Pourtant, depuis la nuit des temps, elles n’ont cessé de transfigurer – par leurs actions ou leurs paroles – notre société. Dès les débuts de la photographie, elles n’ont jamais cessé de s’échapper des normes sociétales pour questionner et documenter le monde. »
Cette 23e édition du magazine All About Photo souhaite, non seulement reconnaître la force, la beauté et la résilience des femmes du monde entier, mais aussi leur talent, comme en témoignent les 24 femmes photographes sélectionnées.
Gagnante de la 1ère place : Susanne Middelberg (Pays-Bas)

« Dans mes portraits, je recherche l’honnêteté et la vulnérabilité. Je crois que la vulnérabilité fait de nous des êtres humains plus gentils et que cela rend le monde un peu plus amical et plus compréhensif. Les personnes qui se montrent vulnérables donnent à l’autre la confiance qu’il peut lui-même être ce qu’il est.
Ce qui me fascine le plus, c’est de voir les qualités opposées d’une personne au même moment. Je trouve cela passionnant car les gens sont complexes. J’espère que le portrait touche quelque chose du spectateur lui-même.
Dans cette série, j’ai choisi d’utiliser uniquement la lumière du jour pour rendre l’image aussi naturelle que possible. »
Gagnant de la 2e place : Aline Smithson (États-Unis)
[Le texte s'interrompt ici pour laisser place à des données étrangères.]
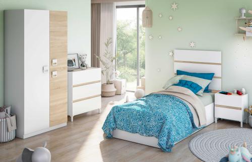 Oferta Ver detalles Dormitoio juvenil (Cabecero 90cm) 399,99 € Color Blanco Artik/Roble Canadiam Tamaño Cabecero 100x126x3 Mesita 50x53x35 Cómoda 79x91x41 Armario 90x200x52 cm Ancho x Alto x Fondo Cantidad Ver detalles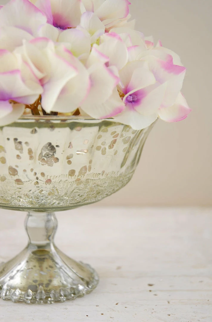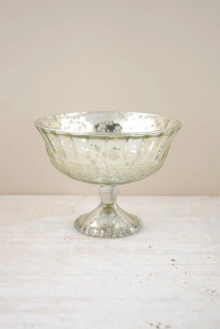 Highlight your sense of style with this Mercury Glass Compote in Silver. This stunning metallic bowl is perfect for adding a little sparkle to any evening event or upscale home décor. It features a slightly scalloped edging, elegant shape and stem, and charming beads of glass on the base. Use this piece to showcase colorful blooms at your wedding or special event, or place it inside a curio cabinet for a fashionable display in any setting. For use with fresh florals, we recommend using floral foam or a pin frog (not included).Â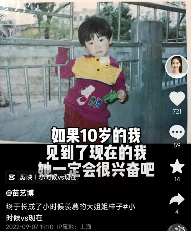 9月7日晚,郑恺小姨子苗艺博在个人社交平台分享了一组自己的成长照,这次她还将10岁时期的童年旧照大方公开,给足粉丝惊喜。苗艺博还开心写道:“终于长成了小时候羡慕的大姐姐”。

« Cette composition fait directement référence à l’une des peintures les plus célèbres de l’artiste américain James McNeill Whistle, la « Mère de Whistler ».
Utilisant ma propre mère comme muse, cette série a été produite sous forme de tirages à la gélatine argentique peints à la main. »
Gagnante de la 3ème place : Maura Allen (États-Unis)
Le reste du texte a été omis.